The High Frequency Active Auroral Research Program (HAARP) is an ionospheric research program jointly funded by the U.S. Air Force, the U.S. Navy, the University of Alaska, and the Defense Advanced Research Projects Agency (DARPA).[1]

Built by BAE Advanced Technologies (BAEAT), its purpose is to analyze the ionosphere and investigate the potential for developing ionospheric enhancement technology for radio communications and surveillance.[2] The HAARP program operates a major Arctic facility, named the HAARP Research Station, on an Air Force–owned site near Gakona, Alaska.

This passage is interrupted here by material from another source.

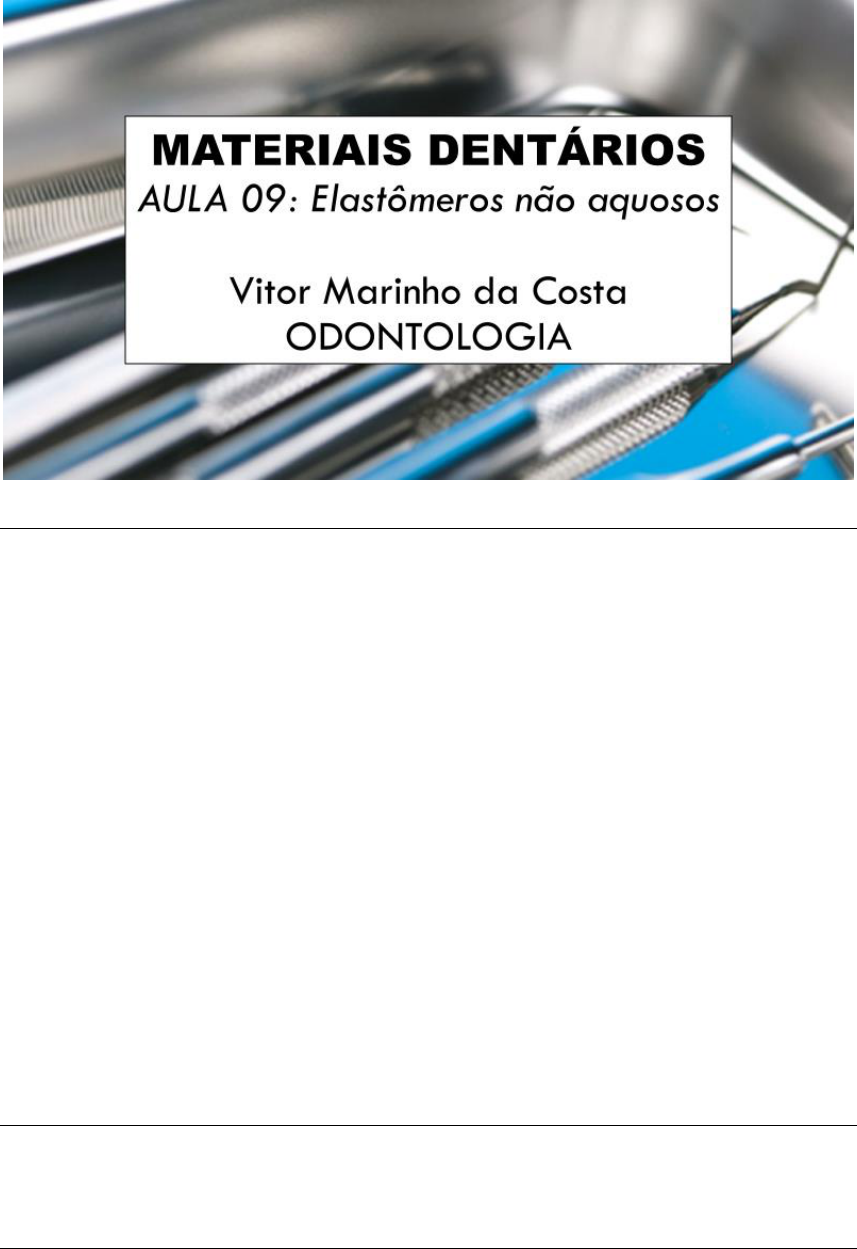Vitor Marinho da Costa 1 Vitor Marinho da Costa Terça-feira 04/09/2018 1. MATERIAIS DE MOLDAGEM: • Os materiais de moldagem precisam apresentar máxima precisão, uma vez que estamos trabalhando com odontologia restauradora. A única forma de se obter a MÁXIMA PRECISÃO é usando o sistema CAD-CAM e o FLUXO DIGITAL. 2. CARACTERITICAS DOS MATERIAIS: • De acordo com a Dental advisor, um elastômero precisa ter: • Viscosidade satisfatória. • A facilidade DE USO. • Tempo de trabalho de 4 minutos. • Possibilidade de desinfecção. • Compatibilidade com o gesso. • Vida útil adequada. • Custo-benefício. • Os elastômeros são os melhores materiais de moldagem que existe na odontologia, perdendo apenas para o scanner intraoral. Vitor Marinho da Costa 2 Vitor Marinho da Costa 3. ELASTÔMEROS – DEFINIÇÃO: • Segundo Philips, elastômeros são materiais de moldagem sintéticos formados por grandes moléculas helicoidais, unidas por ligações cruzadas, formando uma rede tridimensional (formado sólido). • Por ser um polímero, apresenta como reação de presa POLIMERIAÇÃO. 4. ELASTÔMERO – INDICAÇÕES: • Moldagem de áreas retentivas. • Moldagem unitária. • Moldagem de quadrante. • Moldagem de pacientes dentados e desdentados. • MODELO DE ESTUDO X MODELO DE TRABALHO – Materiais que não nos fornecem uma cópia o mais fiel possível da realidade, como o alginato, não deve ser usado como material de trabalho, ou seja, para um modelo definitivo. • Qualquer restauração indireta, onde eu precise de PRECISÃO, os elastômeros são indicados. 5. CLASSIFICAÇÃO QUIMICA; • Existem no mercado quatro tipos de materiais usados para moldagem em restaurações indiretas: • Polissulfetos (Mercapitanas). • Polieter. • Silicone por condensação. • Seilicone por adição. 6. POLISSULFETOS: Polímero de polissulfeto + dióxido de chumbo –> Borracha de polissulfeto + oxido de chumbo + água. • Reação de Vulcanização. • Caiu em desuso (NÃO SE USA MAIS). • Os Polissulfetos formam os primeiros elastômeros não aquosos disponíveis no mercado. Vitor Marinho da Costa 3 Vitor Marinho da Costa • Esse material tem como produto um componente com o grupo SULFETO, oque fazia com que ele tivesse um cheiro MUITO desagradável para o paciente. • O fato de ter como subproduto a água, deixa claro que esse material era passível de deformação. • Apresentação: Duas pastas, sendo uma a pasta base e a outra a pasta ativadora. 7. POLIÉTER: • Reação de presa. • Sem a formação de subprodutos (Grande estabilidade dimensional). • Tempo de trabalho: • Varia de acordo com a temperatura do ambiente. • Início da espatulação – Propriedades elásticas. • 23°C – 3,3 minutos. • 37 °C – 2,3 minutos. • A proporção entre as duas bases também influencia no tempo de trabalho. Para acelerar a reação basta colocar mais catalizador, mas para reduzir a velocidade basta colocar menos catalizador. • Tempo de presa de 7 a 8 minutos. • A polimerização continua após o tempo de presa (Isso é ruim pra gente, pois pode causar deformação). • Tem menor tempo de presa entre os elastômeros. • Apresentação: • Uma pasta base (poliéter) e uma pasta ativadora (éster sulfonado). • Indicação: • Moldagem para prótese fixa unitária. • Moldagem para próteses totais e parciais removíveis. • Moldagem para trasnferências. • Vantagens: • Estabilidade dimensional. • Recuperação elástica. • Não mancha a roupa. • Várias viscosidades. • Hidrofílico (Aceita bem o gesso, visto que esse último material possui água). • Reprodutibilidade. • Facilidade de manipulação. • Cor e odor agradável. Vitor Marinho da Costa 4 Vitor Marinho da Costa • Desvantagem: • Alto custo. • Alta rigidez. • Absorve água (alteração). • Tempo de trabalho curto (3 minutos). 8. SILICONAS: • 90% dos elastômeros comercializados para moldagem, o que pode ser justificado pelo seu BAIXO CUSTO. • Baixo custo. • Versátil. • Existem dois tipos de silicona – De condensação (siliconas com reação de presa por condensação) e de Adição (siliconas com reação de presa por adição). • Ambos os tipos de silicona tem como base o Polidimetilsiloxano. 9. SILICONA DE CONDENSAÇÃO: • É a mais usada entre os CD devido ao seu baixo custo. • A apresentação desse produto é em duas pastas, sendo uma a pasta base densa ou base ou pesada, encontradas em potes, e a pasta leve ou fluida encontrada em tubos. Existe ainda uma terceira pasta, que é a catalizadora. • A moldagem com silicona é feita em duas pastas, pois a PESADA nos dá um suporte, porém não copia os detalhes. Já a pasta leve coisa perfeitamente os detalhes. • Reação de presa: • Subproduto – álcool etílico (causa deformação). • Tempo de trabalho: • Depende da temperatura do dia. • 3 minutos. • Tempo de trabalho é o tempo que vai desde a espatulação, passando pelo tempo para se colocar na moldeira e por fim na boca do paciente. • Tempo de presa: • 11 a 12 minutos para endurecer. • Tempo que o material possui para polimerizar (endurecer). • Manipulação: • Técnica de moldagem múltipla ou simultânea. • Técnica de reembasamento. • Propriedades: • Dependência da consistência do material. • Deformação permanente mínima. • Rápida recuperação elástica. Vitor Marinho da Costa 5 Vitor Marinho da Costa • Estabilidade dimensional: • Alta contração de polimerização devido a evaporação do álcool. • Polimerização contínua (a contração é contínua, logo o vazamento deve ser de 30 minutos, visto que após 6 a 8 minutos quando retirada da boa do paciente, ela volta a forma anterior). • Energia de ruptura: • Baixa resistência ao rasgamento (rasga muito fácil). • Necessita de uma rápida remoção (precisa ser removido de uma vez só). • Vantagens: • Tempo de trabalho e polimeri

The most prominent instrument at the HAARP Station is the Ionospheric Research Instrument (IRI), a high-power radio frequency transmitter facility operating in the high frequency (HF) band. The IRI is used to temporarily excite a limited area of the ionosphere. Other instruments, such as a VHF and a UHF radar, a fluxgate magnetometer, a digisonde, and an induction magnetometer, are used to study the physical processes that occur in the excited region.

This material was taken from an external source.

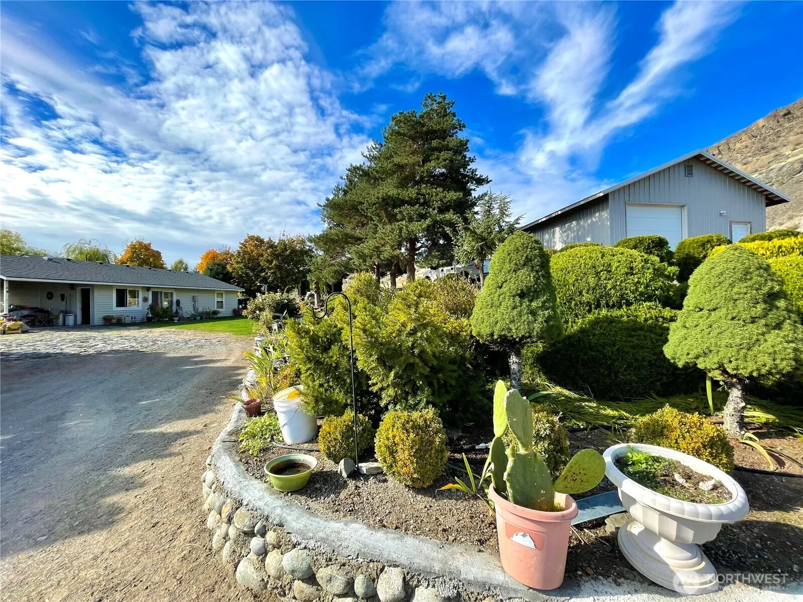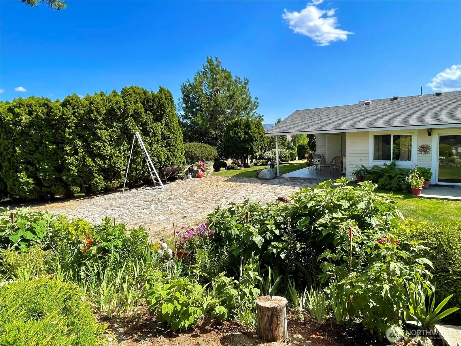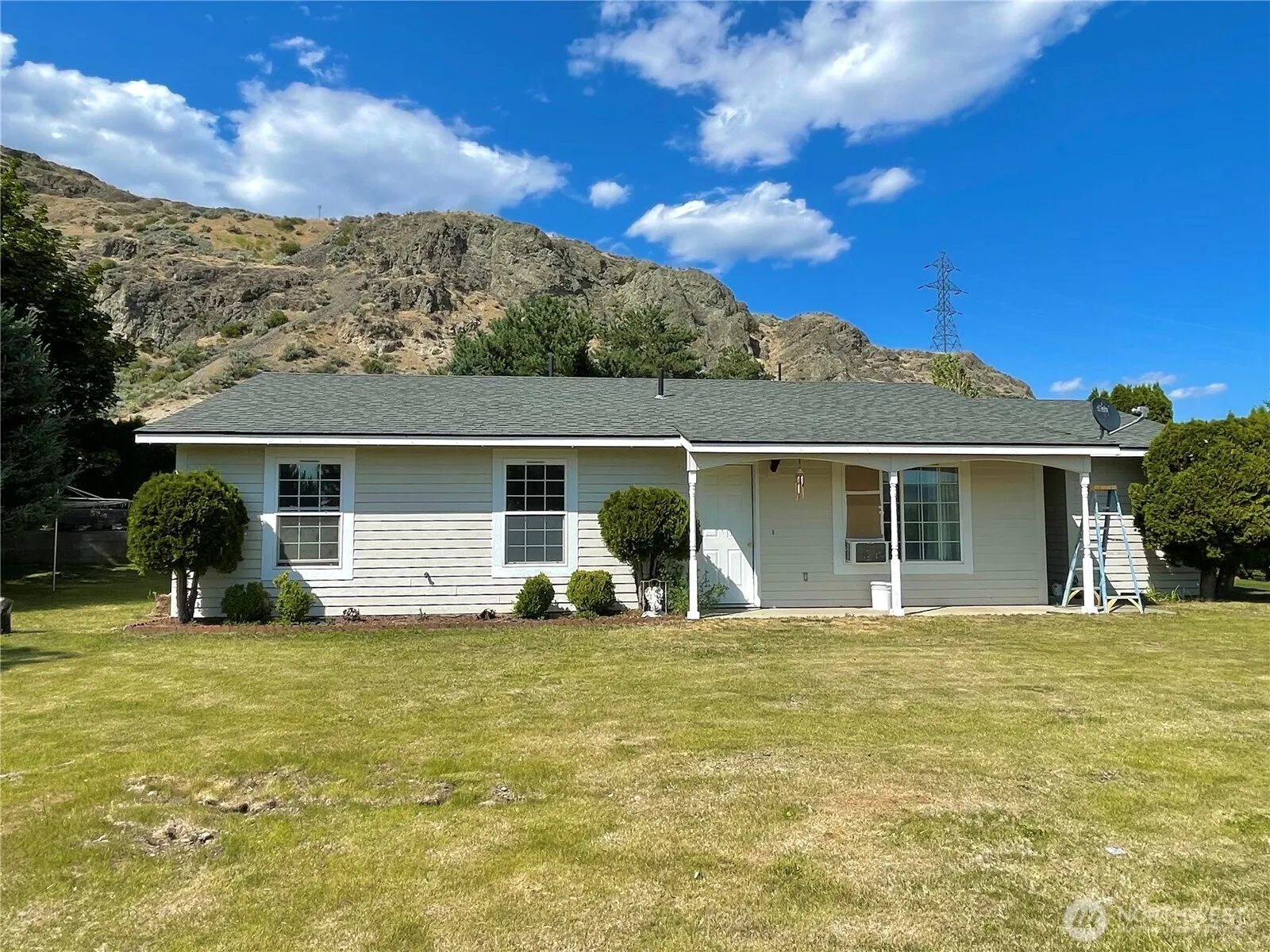 OMAK-PEACEFUL, PRIVATE & SECLUDED 3 bed, 1.5 bath home on 3.5+ acres! Extensive kitchen w/all appliances, propane stove, breakfast bar, adjacent dining area w/utility closet, sliding doors for patio access. Spacious living room; door leading to the backyard w/panoramic views. Primary en-suite w/half bath. Storage thru-out. Beautiful mature landscaping, shade trees & large flower bed w/ perennials create a vibrant scenery. Plenty of space for entertainment. Generous parking space for guests, trailer or toys. Attached 288 sf carport. Plus, detached 720 sf garage w/power & bonus rm. Quiet location out of town yet minutes to all city amenities! Shared well – Copple Rd Water Assoc $25/month. OID $247.81/yr. Septic. $379,900. MLS-2395362/H-3686

Work on the HAARP Station began in 1993. The current working IRI was completed in 2007, and its prime contractor was BAE Systems Advanced Technologies.[1] As of 2008, HAARP had incurred around $250 million in tax-funded construction and operating costs.

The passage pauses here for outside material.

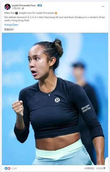 在Facebook平台,人气球员让莱拉·费尔南德斯的粉丝账号10月20日发布的“8?连胜!她在南昌QF以6比3和6比4击败萨斯诺维奇,接下来将面对在上周香港决赛中复出的西尼亚科娃!”的网帖,也获得1517次点赞、32次转发、43条评论。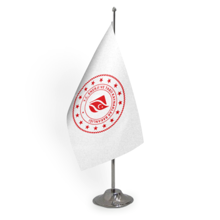 T.C. Sanayi ve Teknoloji Bakanlığı Masa Bayrağı 15×22,5 cm   Ürün Özellikleri : Masa Bayrağı 15×22,5 cm ebatlarında çift kat

HAARP has been blamed by conspiracy theorists for a range of events, including numerous natural disasters. Various scientists have commented that HAARP is an attractive target for conspiracy theorists because "its purpose seems deeply mysterious to the scientifically uninformed".[3]

Objectives

HAARP antenna array

The HAARP project directs a 3.6 MW signal, in the 2.8–10 MHz region of the HF [high-frequency] band, into the ionosphere. The signal may be pulsed or continuous. Then, effects of the transmission and any recovery period can be examined using associated instrumentation, including VHF and UHF radars, HF receivers, and optical cameras. According to the HAARP team, this will advance the study of basic natural processes that occur in the ionosphere under the natural but much stronger influence of solar interaction, and how the natural ionosphere affects radio signals.

This will enable scientists to develop methods to mitigate these effects to improve the reliability or performance of communication and navigation systems, which would have a wide range of uses, civilian and military, such as an increased accuracy of GPS navigation, and advances in underwater and underground research and applications. This may lead to improved methods for submarine communication, or an ability to remotely sense and map the mineral content of the terrestrial subsurface, and perhaps underground complexes, of regions or countries, among other things. The current facility lacks the range to reach these countries, but the research could be used to develop a mobile platform.[4]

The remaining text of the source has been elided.